Writing in the SUNS bulletin (July 31), the ever agile Martin Khor of the Third World Network says: "Despite the major negative elements, Kamal Nath told the media that he had accepted the proposals, but the US had rejected it". Accordingly, the next morning officials of the G-7 countries had labored for three hours to produce an alternative SSM model, which they presented to G-7 ministers. Quoting Kamal Nath, Martin Khor says that it was Schwab again who rejected the new draft.

Why did Susan Schwab reject the compromise proposals? What has it to do with the "missing US official" who was absent throughout the final round of negotiations? Well, this is where the missing link actually lies. Let us investigate a little more before we find out why the US refused to move ahead.

Reacting sharply to Peter Mendelson's criticism of the US position, Gretchen Hamel, who is the spokesperson for Susan Schwab, replied: "the trade official who missed the resumption of negotiations was in consultation with Schwab at that time." And if you read this with what Kamal Nath had said earlier, Susan Schwab was in reality in touch with Washington DC through that 'missing official".

Nothing wrong, you would say. I agree. But what is obvious is that he carried a directive from Washington DC for Susan Schwab, which she faithfully delivered after she returned to the negotiating table. More surprisingly, before she came into the negotiating room, she had already conveyed it to the media.

Why was Susan Schwab in such a tearing hurry?

Now that is where the crux lies. And Martin Khor provides the answer: "Many ministers, officials and diplomats have been speculating that the SSM was not the real issue that was irreconcilable. In the most widespread view, the US really did not want to face the cotton issue, which was the next item on the G-7 agenda once SSM was settled." What Susan Schwab had therefore succeeded in doing was to deflect attention from the cotton issue, which was the next (and the last) item on the agenda.

The US had to stop the negotiations reaching the cotton issue, and do it fast. The talks had therefore to be derailed. There was no other escape.

No wonder, the leader of the G-33 group and the Indonesian trade minister Mari Pangestu later was quoted as saying: "It is like accusing us of a crime that we did not commit."
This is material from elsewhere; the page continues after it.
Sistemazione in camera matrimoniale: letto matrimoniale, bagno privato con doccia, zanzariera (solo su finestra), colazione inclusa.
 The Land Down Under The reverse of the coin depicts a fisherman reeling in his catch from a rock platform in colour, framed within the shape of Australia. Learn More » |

Cotton subsidies are a politically volatile issue. The US has already lost the WTO dispute on cotton subsidies. Ever since the cotton issue erupted on the international scene just prior to the 2003 Cancun Ministerial, the US has received flak for protecting its 20,000 cotton growers as a result of which millions of cotton growers in the four African countries - Benin, Burkina Faso, Mali and Chad - continue to languish in poverty. The disastrous impact is also being borne by Indian cotton farmers who are priced out.
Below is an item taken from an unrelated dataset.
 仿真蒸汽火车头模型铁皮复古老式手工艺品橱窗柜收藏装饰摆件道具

In 2005-06, the US provided an estimated US $ 4.7 billion as subsidy to its miniscule population of cotton growers for producing a crop worth $ 3.9 billion. This year, the cotton subsidies have come down because quite a significant proportion of the area under cotton has been diverted for bio-fuels. And regardless of the decision of the WTO Dispute panel, the US has made provision under the US Farm Bill 2008 to enhance cotton subsidies in the next five years.

What it means is that while cotton farmers in developing countries are pushed to penury, and many of them commit suicide unable to bear the burden of an unjust trading regime, US cotton can easily go on a Mediterranean cruise holiday.

Any promise to cut cotton subsidies, and that too with the elections around the corner, would have created a political storm back home. The WTO mini-Ministerial on the other hand would have impressed upon the US to cut down its cotton subsidies at least by 70 per cent (given that the US had agreed to reduce its trade distorting subsidies by 70 per cent, even if it was only on paper), something that George Bush' government couldn't afford.

And if the US chose not to cut down on cotton subsidies, it couldn't have escaped all around criticism. The US would have been called the real villain of free trade, the fall guy, or the 'rogue' country. The political cost of treading on the cotton subsidy issue was therefore too heavy.

The WTO talks had to be torpedoed.


Devinder Sharma is a New Delhi-based food and trade policy analyst.